◆ **SUPPLIED DATA**:
---*---
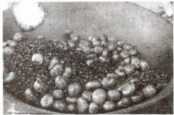 22. 下图是糖炒栗子的情景,炒栗子时要往锅里放一些沙子。据此回答:
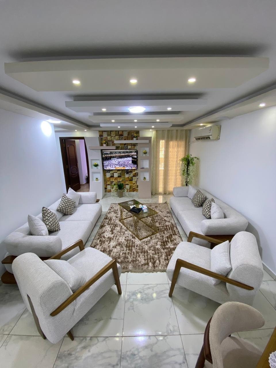 Appartement ✨élégant dans un immeuble calme et sûr au centre de Mohandessin✨. L'appartement est situé sur Medina Street, à quelques pas de la rue de la Ligue des États arabes. Convient pour le tourisme, le travail ou un court séjour confortable. Entièrement meublé, avec un salon confortable, 3 chambres calmes, une cuisine moderne et 3 salles de bains propres. Parfait pour les familles et les groupes, avec un design moderne et un équipement complet qui garantissant un séjour confortable et unique. L'endroit est proche du Musée égyptien🏛, de la Tour du Caire🗼, de l'Opéra, de Khan El Khalili, du Château de Salah El Din🏰, de la Corniche du Nil🛶, et également👣 à quelques pas de la rue de la Société des Nations, des restaurants et des cafés
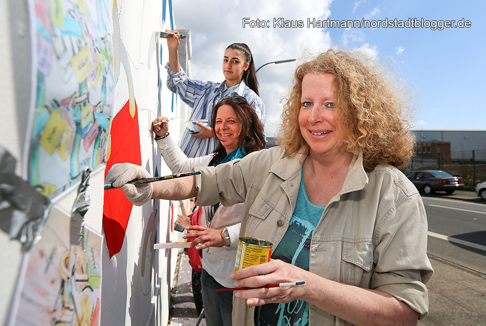 Mauer Galerie, Streetart 2015 in der Weißenburger Straße am Kraftwerk. Claudia Müller, vorne, vom Kunstprojekt "So geht Kunst" und Annette Goeke und eine Jugendliche aus dem Projekt malen an ihrem Werk
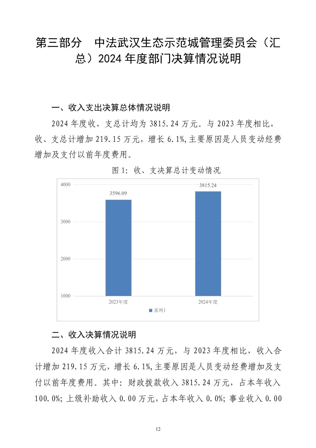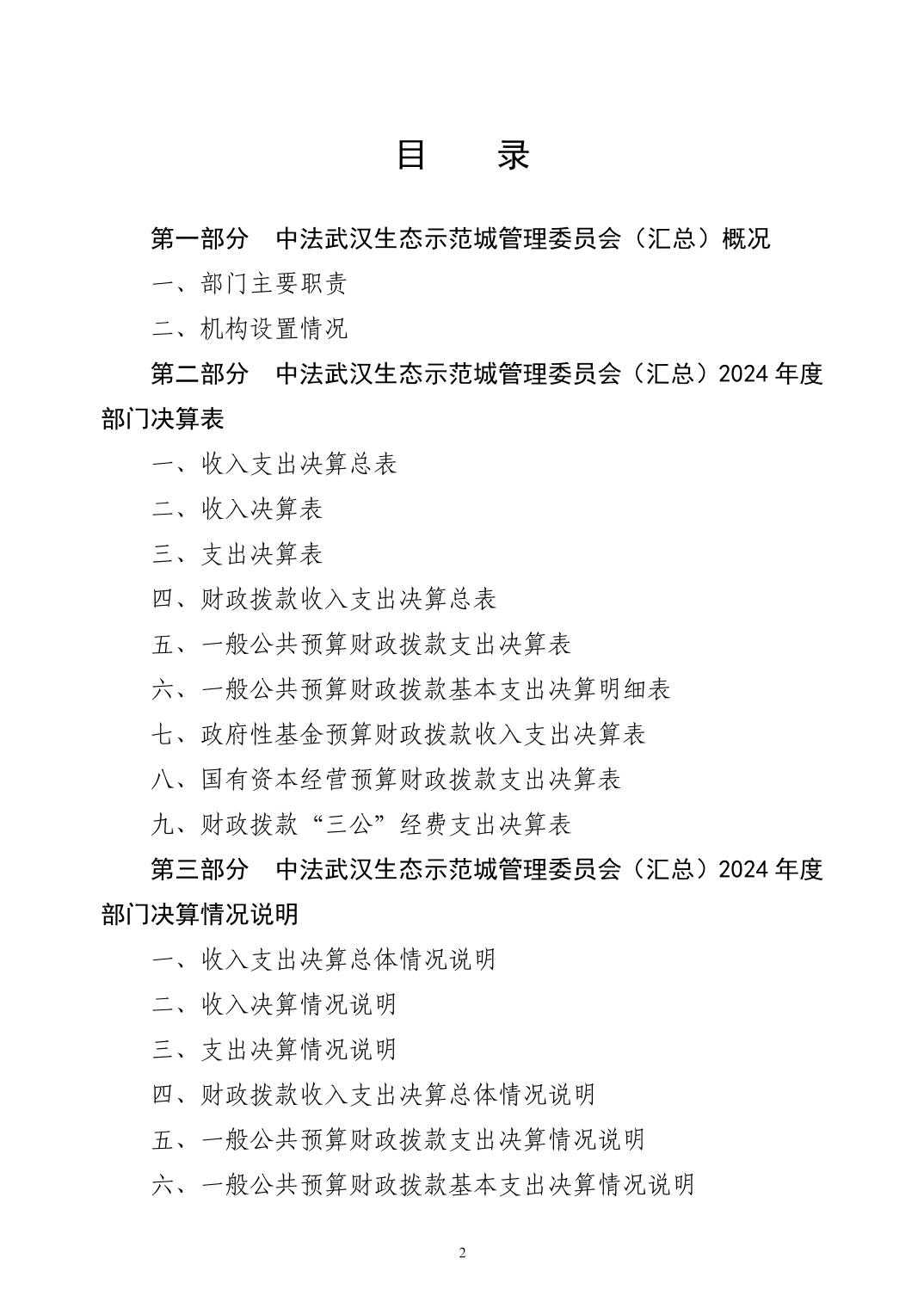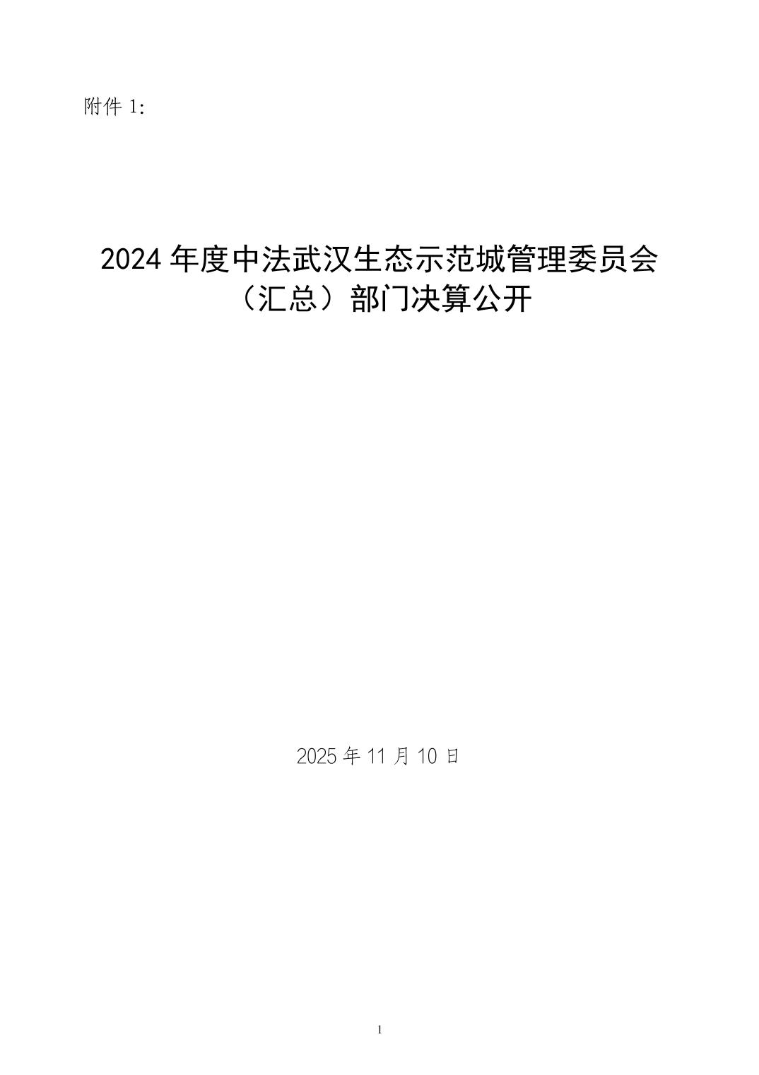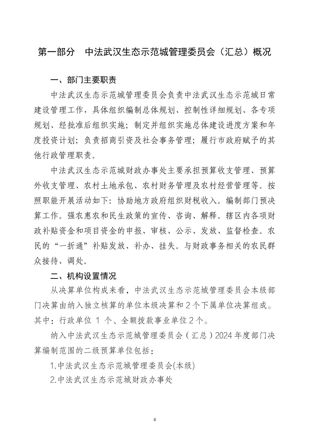 2024年度中法武汉生态示范城管理委员会(汇总)部门决算公开
---*---
◆ **WHAT YOU ARE ASKED TO DO**:
When copying the listing, skip the pictures and keep each line exactly as written.

◆ **EXERCISE OUTPUT**:
 22. 下图是糖炒栗子的情景,炒栗子时要往锅里放一些沙子。据此回答:
 Appartement ✨élégant dans un immeuble calme et sûr au centre de Mohandessin✨. L'appartement est situé sur Medina Street, à quelques pas de la rue de la Ligue des États arabes. Convient pour le tourisme, le travail ou un court séjour confortable. Entièrement meublé, avec un salon confortable, 3 chambres calmes, une cuisine moderne et 3 salles de bains propres. Parfait pour les familles et les groupes, avec un design moderne et un équipement complet qui garantissant un séjour confortable et unique. L'endroit est proche du Musée égyptien🏛, de la Tour du Caire🗼, de l'Opéra, de Khan El Khalili, du Château de Salah El Din🏰, de la Corniche du Nil🛶, et également👣 à quelques pas de la rue de la Société des Nations, des restaurants et des cafés
 Mauer Galerie, Streetart 2015 in der Weißenburger Straße am Kraftwerk. Claudia Müller, vorne, vom Kunstprojekt "So geht Kunst" und Annette Goeke und eine Jugendliche aus dem Projekt malen an ihrem Werk
 2024年度中法武汉生态示范城管理委员会(汇总)部门决算公开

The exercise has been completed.